- _Directions_
Give again, word for word, every line in the entries below from the line with "该站点上摆满了锻炼海报,这些" up to and including the line with "model with a", and no other line.

- _Listed records_
+++

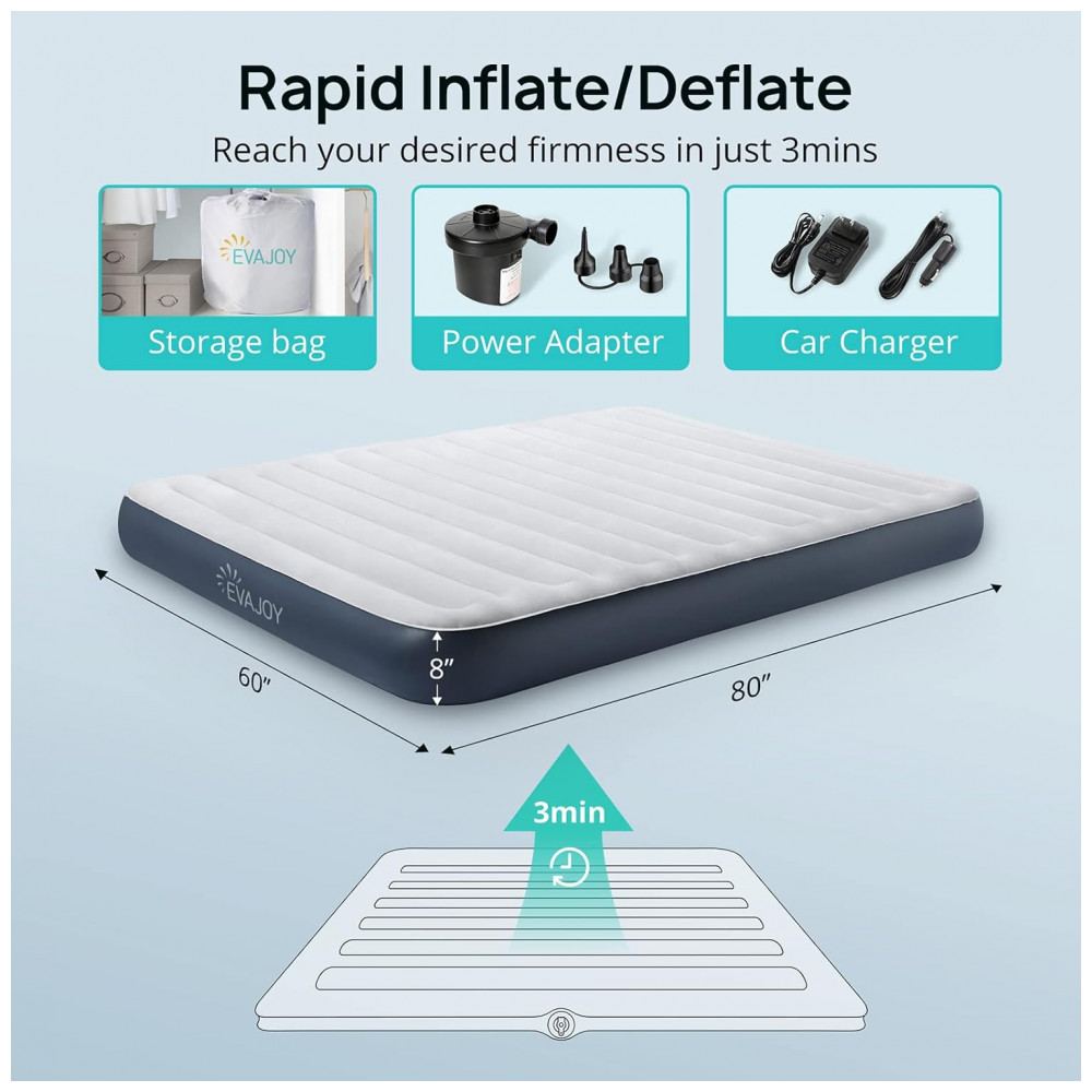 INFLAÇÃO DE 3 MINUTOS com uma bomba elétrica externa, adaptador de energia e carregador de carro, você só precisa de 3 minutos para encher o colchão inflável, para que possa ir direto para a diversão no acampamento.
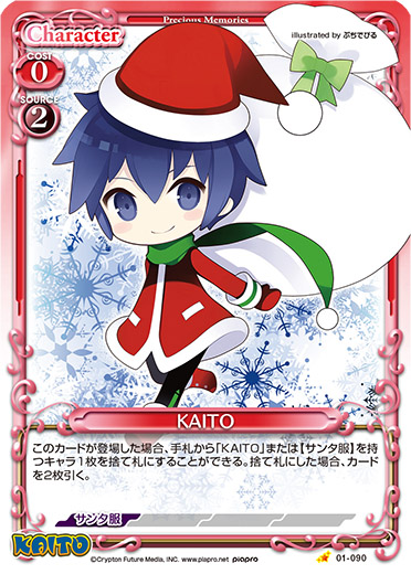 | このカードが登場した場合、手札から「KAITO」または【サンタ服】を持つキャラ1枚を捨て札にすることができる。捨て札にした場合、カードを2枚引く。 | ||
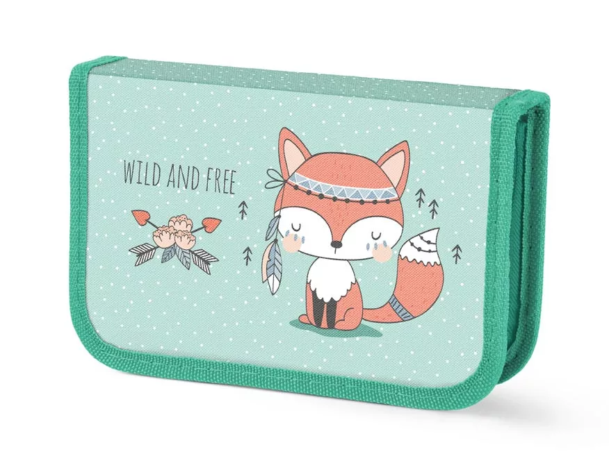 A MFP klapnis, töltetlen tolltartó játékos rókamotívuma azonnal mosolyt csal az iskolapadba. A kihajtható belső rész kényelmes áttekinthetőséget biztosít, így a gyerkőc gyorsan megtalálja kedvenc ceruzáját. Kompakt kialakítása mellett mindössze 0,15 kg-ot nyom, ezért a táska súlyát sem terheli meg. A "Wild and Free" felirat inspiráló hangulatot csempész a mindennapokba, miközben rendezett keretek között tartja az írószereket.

+++

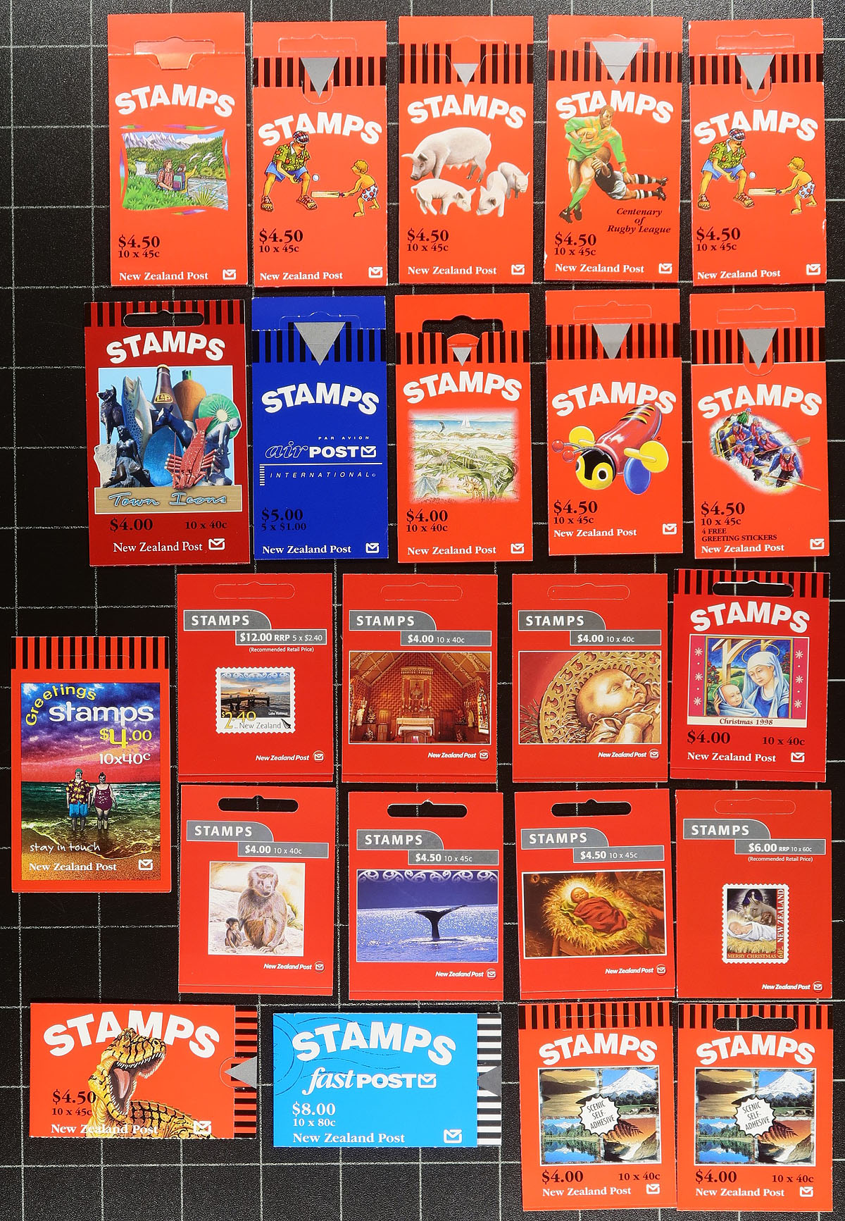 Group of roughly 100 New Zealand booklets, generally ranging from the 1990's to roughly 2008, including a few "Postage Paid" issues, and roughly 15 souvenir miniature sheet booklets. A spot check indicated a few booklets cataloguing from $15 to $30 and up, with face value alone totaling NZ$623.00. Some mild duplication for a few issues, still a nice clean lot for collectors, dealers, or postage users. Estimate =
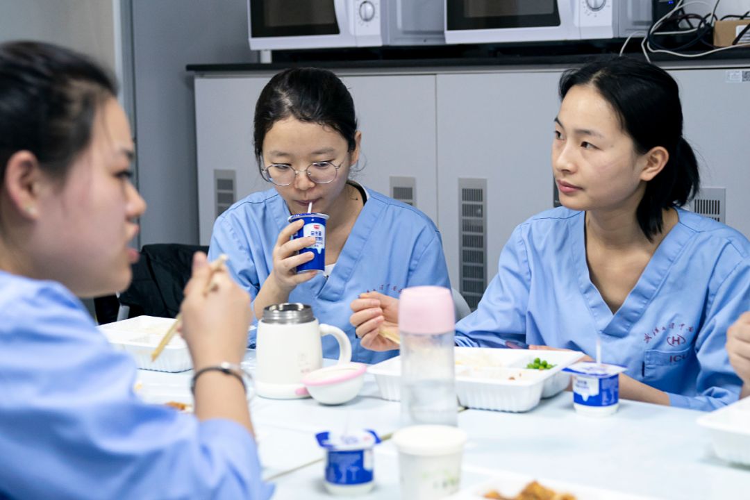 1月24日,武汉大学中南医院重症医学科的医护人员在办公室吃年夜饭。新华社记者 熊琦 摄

+++

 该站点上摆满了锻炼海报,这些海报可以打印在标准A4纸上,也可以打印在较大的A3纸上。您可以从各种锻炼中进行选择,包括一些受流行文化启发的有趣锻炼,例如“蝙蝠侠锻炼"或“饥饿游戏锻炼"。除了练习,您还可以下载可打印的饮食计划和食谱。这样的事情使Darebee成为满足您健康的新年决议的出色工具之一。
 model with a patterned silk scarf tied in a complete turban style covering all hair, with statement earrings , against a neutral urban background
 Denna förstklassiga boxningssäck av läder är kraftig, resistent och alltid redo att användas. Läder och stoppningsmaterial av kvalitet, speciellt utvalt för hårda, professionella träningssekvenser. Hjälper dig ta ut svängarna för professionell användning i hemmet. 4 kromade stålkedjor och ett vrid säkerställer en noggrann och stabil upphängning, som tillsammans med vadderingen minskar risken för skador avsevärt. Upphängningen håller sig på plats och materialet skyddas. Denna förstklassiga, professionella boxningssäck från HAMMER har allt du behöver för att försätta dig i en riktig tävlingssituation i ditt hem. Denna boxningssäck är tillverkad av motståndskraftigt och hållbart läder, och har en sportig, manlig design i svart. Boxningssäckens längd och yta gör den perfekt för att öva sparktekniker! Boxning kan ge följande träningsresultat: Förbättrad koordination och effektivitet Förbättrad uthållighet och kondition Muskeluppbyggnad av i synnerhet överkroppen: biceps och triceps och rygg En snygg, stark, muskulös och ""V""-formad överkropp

+++

- _Reply_
 该站点上摆满了锻炼海报,这些海报可以打印在标准A4纸上,也可以打印在较大的A3纸上。您可以从各种锻炼中进行选择,包括一些受流行文化启发的有趣锻炼,例如“蝙蝠侠锻炼"或“饥饿游戏锻炼"。除了练习,您还可以下载可打印的饮食计划和食谱。这样的事情使Darebee成为满足您健康的新年决议的出色工具之一。
 model with a patterned silk scarf tied in a complete turban style covering all hair, with statement earrings , against a neutral urban background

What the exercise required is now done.